Every deal is extremely specific. That’s why we go to market, nine times out of 10, with no price. We bring the market to our client and drag out offers. Our job is to bring the best buyers and therefore encourage the best price.
Q7: I want to acquire a small parcel, but only if it’s business clients and if it comes with an experienced manager. I'm willing to pay 80c in the dollar.
Kev Ryan: I mentioned that I sometimes receive some clangers. This is one of them.
This is a question from a person who has very little knowledge of the market. Sometimes, owners of smaller businesses come to me and say they want to add $300,000 or $500,000 to their book, but it has to be all platinum clients.

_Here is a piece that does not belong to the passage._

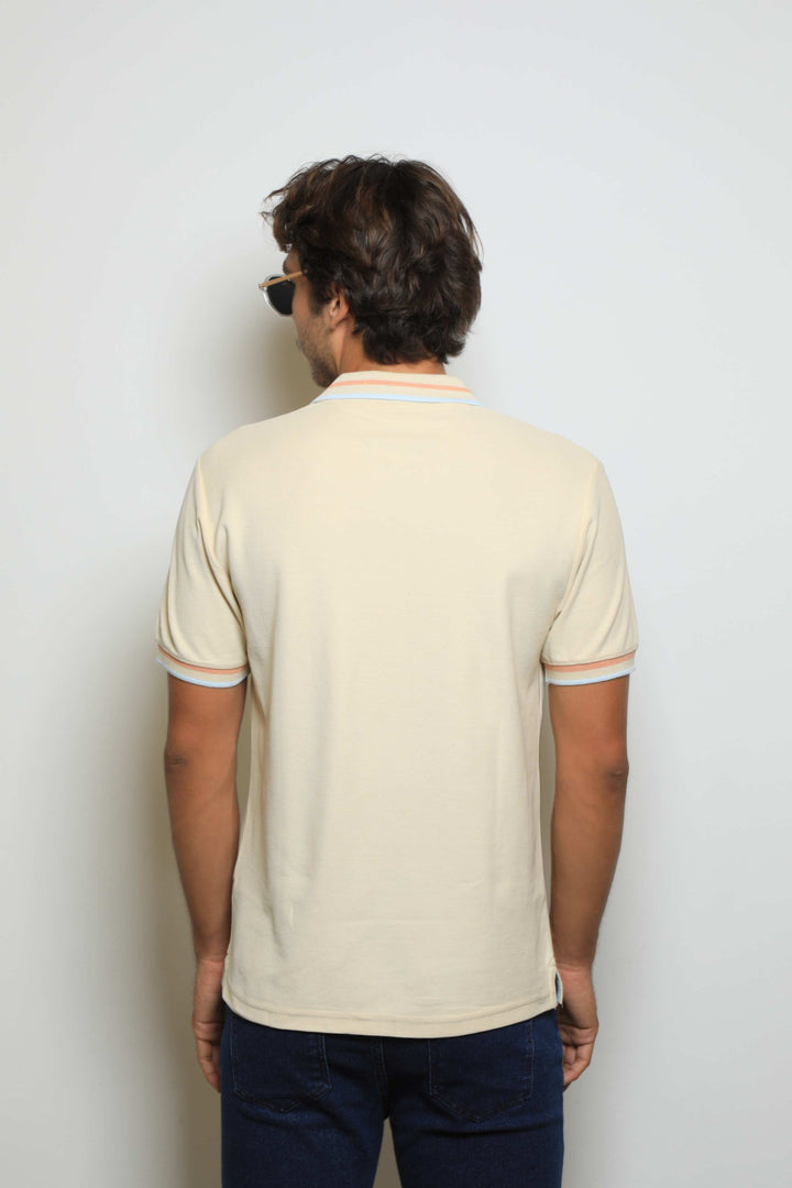 Una prenda que eleva lo básico. Esta polo en mezcla de algodón combina frescura y comodidad con un diseño actual. El cuello y los puños en rib se destacan con detalles tipping en contraste, aportando un toque casual y sofisticado. La plaqueta de tres botones suma versatilidad, perfecta para crear looks casuales con un aire deportivo y cool.

That acquisition doesn’t exist. And if it did, you’ll find yourself in a fierce bidding war. Smaller fee parcels of all Utopia clients just don’t exist.
Someone asked me this the other morning. Not only did he want a unicorn, it had to be within a couple of kilometres of his current office! I said it was too early in the day to be that drunk.
Any sale or acquisition can be successful, but only if people come into it with the right attitude, with willingness to create a win/win for everybody involved, and having been well advised.